Code for training and evaluating global-scale active learning based species range estimation models. This code enables the recreation of the results from our NeurIPS 2023 paper Active Learning-Based Species Range Estimation.
We propose a new active learning approach for efficiently estimating the geographic range of a species from a limited number of on the ground observations. We model the range of an unmapped species of interest as the weighted combination of estimated ranges obtained from a set of different species. We show that it is possible to generate this candidate set of ranges by using models that have been trained on large weakly supervised community collected observation data. From this, we develop a new active querying approach that sequentially selects geographic locations to visit that best reduce our uncertainty over an unmapped species’ range. We conduct a detailed evaluation of our approach and compare it to existing active learning methods using an evaluation dataset containing expert-derived ranges for one thousand species. Our results demonstrate that our method outperforms alternative active learning methods and approaches the performance of end-to-end trained models, even when only using a fraction of the data. This highlights the utility of active learning via transfer learned spatial representations for species range estimation. It also emphasizes the value of leveraging emerging large-scale crowdsourced datasets, not only for modeling a species’ range, but also for actively discovering them.
-
We recommend using an isolated Python environment to avoid dependency issues. Install the Anaconda Python 3.9 distribution for your operating system from here.
-
Create a new environment and activate it:
conda create -y --name active_learning python==3.9
conda activate active_learning
- After activating the environment, install the required packages:
pip3 install -r requirements.txt
or
conda install -r requirements_conda.txt
Instructions for downloading the data can be found in data/README.md
.
Backbone models used in the paper are 'SINR' implicit neural representations with all species in either of the evaluation datasets filtered out of the training data.

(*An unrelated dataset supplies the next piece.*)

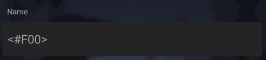 《战斗大师》的用户名有25个字符的限制,使用此功能时,你的名字长度会受到限制。例如,使用十六进制代码意味着你只有10个额外字符来输入实际名字。 请明智使用!像红色或灰色这类名称较短的颜色能给你多一点余地,但这种方法仍然会严重限制你的字符数量。 更改用户名(简短版) 还有更快捷的改名方法! 只需输入<#FFF>,并将FFF替换为你选择的3位十六进制代码,文本框就会允许你输入彩色文字!这种方式更简短,能让你为用户名上色,同时还留有足够空间输入用户名。这里可以找到大量三位十六进制代码格式的颜色。例如,如果我想用红色但希望名称更长,可以输入:"<#F00>昵称",这样就能让用户名显示为红色,同时保留19个字符的可用空间,而不是使用较长命令时的仅14个字符。

Instructions for downloading pretrained models can be found in data/README.md
.
Code for training SINR models from scratch can be found here.
To perform and evaluate an active sampling process, run the following command from within the active_sampling
directory:
python run.py
Common parameters such as sampling_method
and update_method
can be set from the command line when calling run.py
, or by changing the defaults within the run.py
file.
All other parameters such as local directory paths may be set in config.json
.
By default, experiment results will be saved to the results
directory.
The generate_figures
directory contains python files to analyse the experiment results and generate the main figures from the paper from them (per timestep MAP plots, per species AP histograms, and visualised range maps with sampled locations).

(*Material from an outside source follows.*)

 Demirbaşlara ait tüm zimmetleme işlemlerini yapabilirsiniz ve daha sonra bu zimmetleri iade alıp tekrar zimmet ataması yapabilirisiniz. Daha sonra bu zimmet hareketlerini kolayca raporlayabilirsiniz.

This project was funded by the Climate Change AI Innovation Grants program, hosted by Climate Change AI with the support of the Quadrature Climate Foundation, Schmidt Futures, and the Canada Hub of Future Earth. Funding was also provided by the Cornell–Edinburgh Global Strategic Collaboration Awards.
If you find our work useful in your research please consider citing our paper.

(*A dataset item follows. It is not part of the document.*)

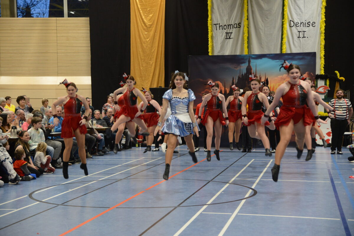 Die Gäste erlebten das komplette Programm der Narrhalla Stadt Windischeschenbach. Der Beginn gehörte den kleinsten Tänzerinnen und Tänzern, gefolgt von der Kindergarde, die unter anderem den Hexentanz zeigte. Die Jugendgarde bot den Besuchern ein Vergnügen mit ihrer Reise ins “Antike Griechenland”, bei dem die akrobatischen Einlagen von Samuel und Lina stets spontane Beifallsstürme ernteten. Der Höhepunkt war natürlich die Mitternachtsshow der Prinzengarde unter dem Motto “Alice im Wunderland”. Die Tanzdarbietungen des Paares Thimo und Mia ließen manchen Besucher erstaunen, besonders wenn Mia sich scheinbar ins Nichts fallen ließ und mit großem Schwung wieder in die Höhe sprang.

@inproceedings{active_SDM_2023,
title = {{Active Learning-Based Species Range Estimation}},
author = {Lange, Christian and Cole, Elijah and Van Horn, Grant and Mac Aodha, Oisin},
booktitle = {NeurIPS},
year = {2023}
}
Extreme care should be taken before making any decisions based on the outputs of models presented here. Our goal in this work is to demonstrate the promise of active learning approaches for species range estimation, not to provide definitive range maps. Our backbone models are trained on biased data and have not been calibrated or validated beyond the experiments illustrated in the paper.